第二艦隊の被害は、巡洋艦ノルトシュツト、ヴァンシュテットの2隻駆逐艦ソーン、ヘルステン、レンフェルト、エルトフェルト、ゾィエン、ファードルフ、タープ、フールトの8隻、砲艦ヴィエル、ホルトッセの2隻、計12隻がニッポン軍によって舵とスクリュー、マストに攻撃を受け行動不能となっております。他に第四艦隊からの攻撃により、第二艦隊旗艦ノルターズムに数発の
命中弾がありますが、航行に支障はありません。」
報告をした将校は皇帝に覗うように覗き見るが、皇帝の動きは無い。彼はそのまま報告を続けた。
「続いて、第四艦隊ですが…
北ロドリア海海戦にて、艦隊の1/3に被害が及んでおります。艦数にして42隻、主な所では旗艦ヴィターアール艦橋直撃により、艦隊司令官であるグロースベルゲン公爵が戦死、他戦艦2隻、巡洋艦5隻が曳航不可能と判断し、爆沈処分をしております。次に、デール海峡の戦闘そのものでは被害は発生しませんでした。然し乍ら…戦闘停止を命ぜられて以降、第四艦隊司令官代理のベルレンバッハ少将が、第二、第七艦隊の戦闘停止を反乱と判断、そのまま第二、第七艦隊へ攻撃を開始しました。その為、第七艦隊のアルスフェルト伯爵がニッポン軍に援護を求め、最小の被害で第四艦隊を抑制する為遠距離からの攻撃を断行、戦艦レゼルヴォート、オラニエンが撃沈、当該戦艦の司令官も戦死されました。」
再び、報告した将校は皇帝を覗き見た。皇帝は玉座に座り、顔を伏せ、右手を額に当てていた。脇を固める大臣たちも沈痛な表情で俯いていた。
「最後に第七艦隊ですが…」
「もう…もう良い。下がれ。」
「…失礼します。」
どうしてこんな事に…余は戦闘停止を命じた筈だ。戦闘停止が間に合わなかった訳では無かった。命令も届いた。であるのに、多数の戦艦と有能な司令官達を失ってしまった。

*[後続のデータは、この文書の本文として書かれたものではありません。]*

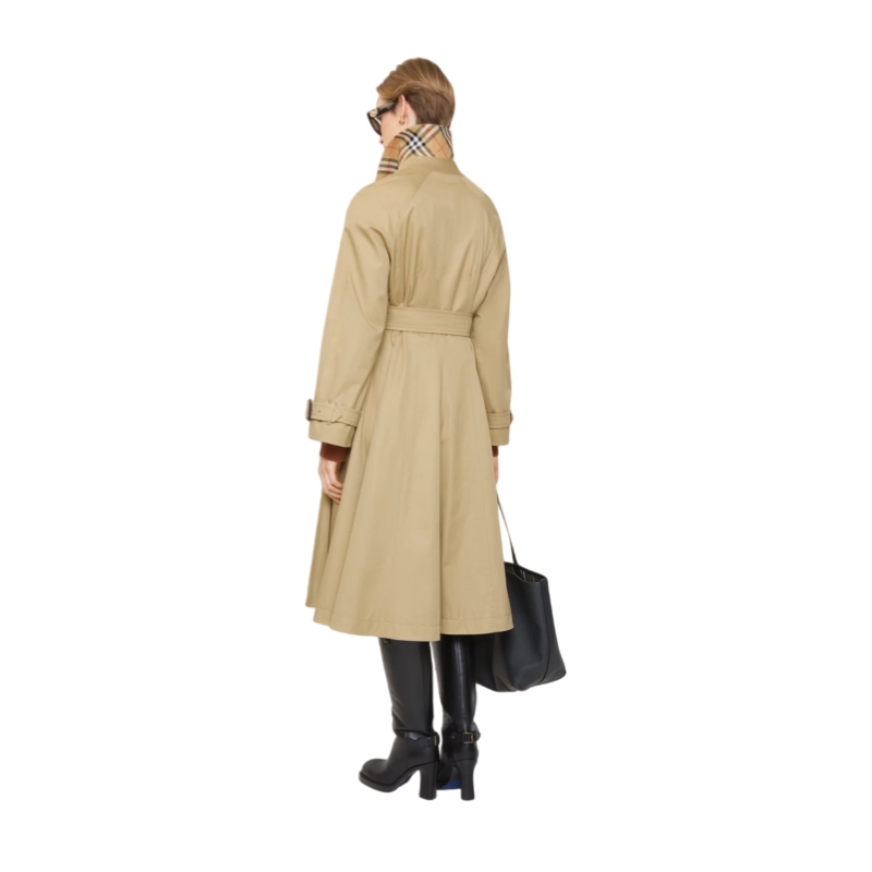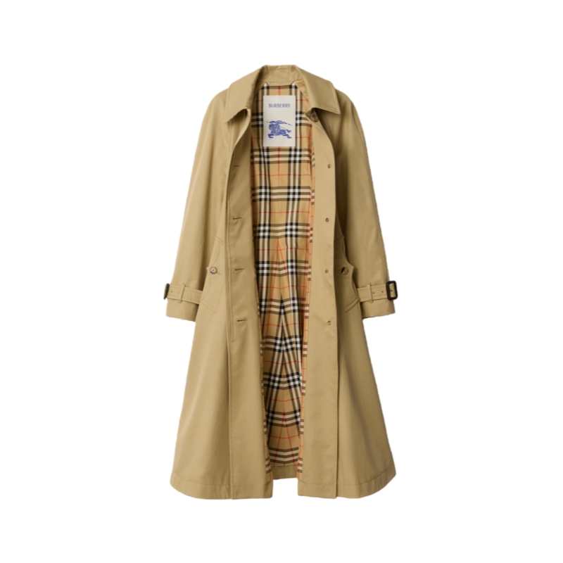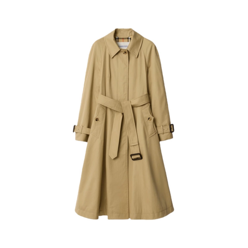 Evolving our signature rainwear silhouettes, the Ellingham fit-and-flare car coat is cut to an A-line shape with wider sleeves and a fuller skirt. Made in Yorkshire from water-resistant gabardine and treated for a soft finish, the design features raglan sleeves for a relaxed look and curlicue-shaped pockets, inspired by an archival trench. Inside is Burberry Check cotton lining in signature sand beige.

これがニッポン軍の警告を無視していた場合、殲滅という結果は免れなかっただろう、という事も明らかにはなった。それだけの実力がある事は既に明らかだ。今の時点で戦艦二隻だけで済んだのは、まだ僥倖だった。
しかもだ。
それを警告してきたニッポン国の外交官を拉致しようとしたのだ。後から冷静になって考えると、誠に不味い事は明らかだ。ニッポンの外交官を人質に交渉を有利に?お笑い種だ。我々の城の中まで引き入れた。彼らにとっては敵地だ。それなのに、そこから双方に全く被害も出さずに悠々と脱出した。
彼らは最初から友好的だった。
だが、決して弱いから友好的にならざるを得ないという訳では無く、彼らニッポン人はそういう文化だと見なすべきだ。しかも決断した後の行動は全くブレが無い。恐ろしい程に。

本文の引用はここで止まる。